Provided records ::

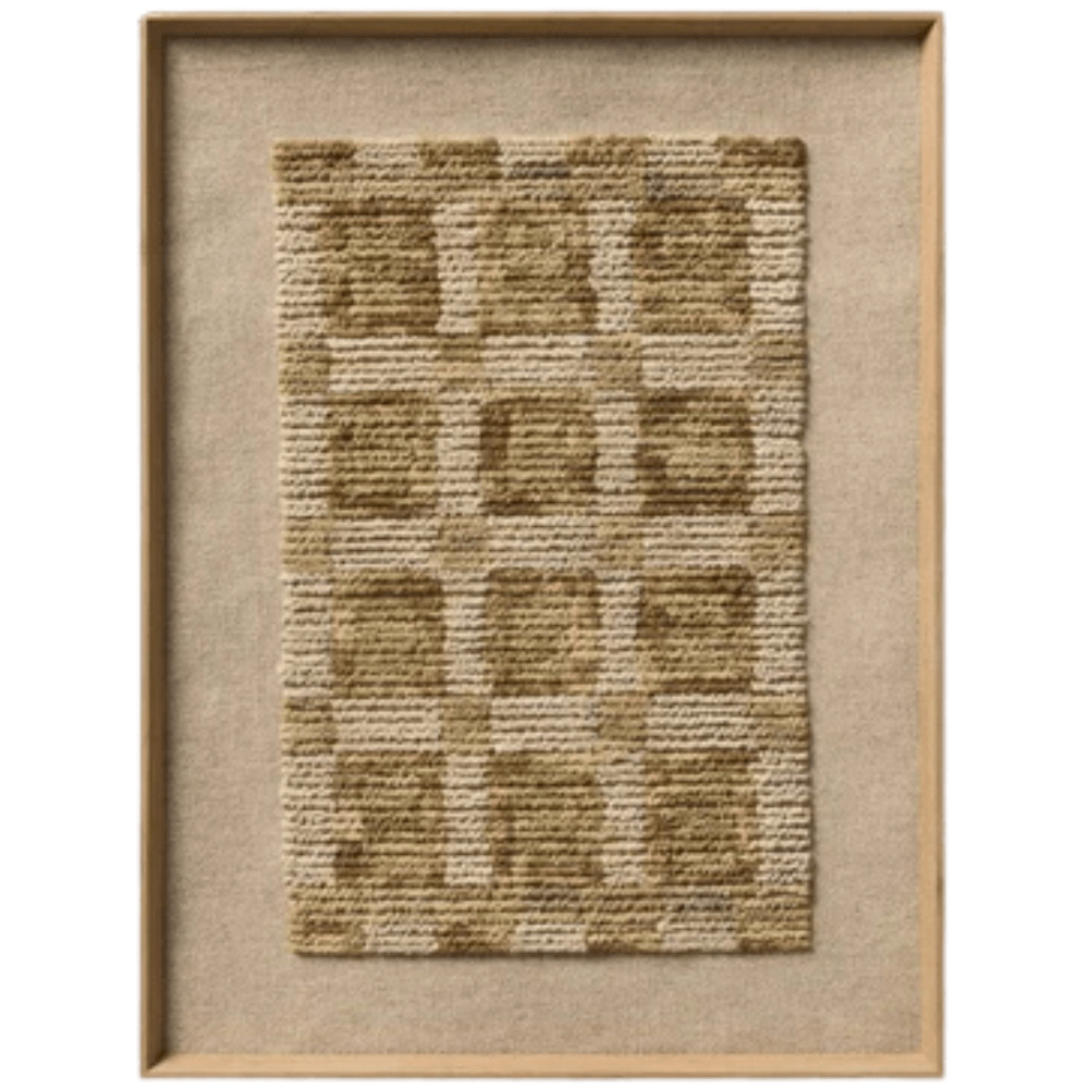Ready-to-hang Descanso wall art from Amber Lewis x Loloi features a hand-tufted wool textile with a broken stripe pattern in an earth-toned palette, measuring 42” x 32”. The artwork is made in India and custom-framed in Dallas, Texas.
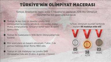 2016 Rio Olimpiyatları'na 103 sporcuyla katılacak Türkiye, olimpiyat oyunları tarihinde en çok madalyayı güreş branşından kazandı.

--

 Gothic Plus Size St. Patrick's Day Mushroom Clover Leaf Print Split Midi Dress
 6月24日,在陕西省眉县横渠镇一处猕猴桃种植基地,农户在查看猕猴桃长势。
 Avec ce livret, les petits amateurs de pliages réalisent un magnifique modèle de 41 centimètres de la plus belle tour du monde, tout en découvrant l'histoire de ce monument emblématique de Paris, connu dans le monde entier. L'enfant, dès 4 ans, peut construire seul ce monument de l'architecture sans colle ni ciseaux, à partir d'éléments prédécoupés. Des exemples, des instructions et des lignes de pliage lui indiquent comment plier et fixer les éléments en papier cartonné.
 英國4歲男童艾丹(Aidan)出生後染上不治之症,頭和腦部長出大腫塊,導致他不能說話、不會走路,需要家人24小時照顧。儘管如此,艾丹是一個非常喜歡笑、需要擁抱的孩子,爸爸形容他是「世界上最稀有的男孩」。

Exercise requirements ::
Beginning with the line above that contains "Ready-to-hang Descanso wall" and ending with the line that contains "2016 Rio Olimpiyatları'na", quote each line exactly, keeping out the pictures.

Result of this task ::
Ready-to-hang Descanso wall art from Amber Lewis x Loloi features a hand-tufted wool textile with a broken stripe pattern in an earth-toned palette, measuring 42” x 32”. The artwork is made in India and custom-framed in Dallas, Texas.
 2016 Rio Olimpiyatları'na 103 sporcuyla katılacak Türkiye, olimpiyat oyunları tarihinde en çok madalyayı güreş branşından kazandı.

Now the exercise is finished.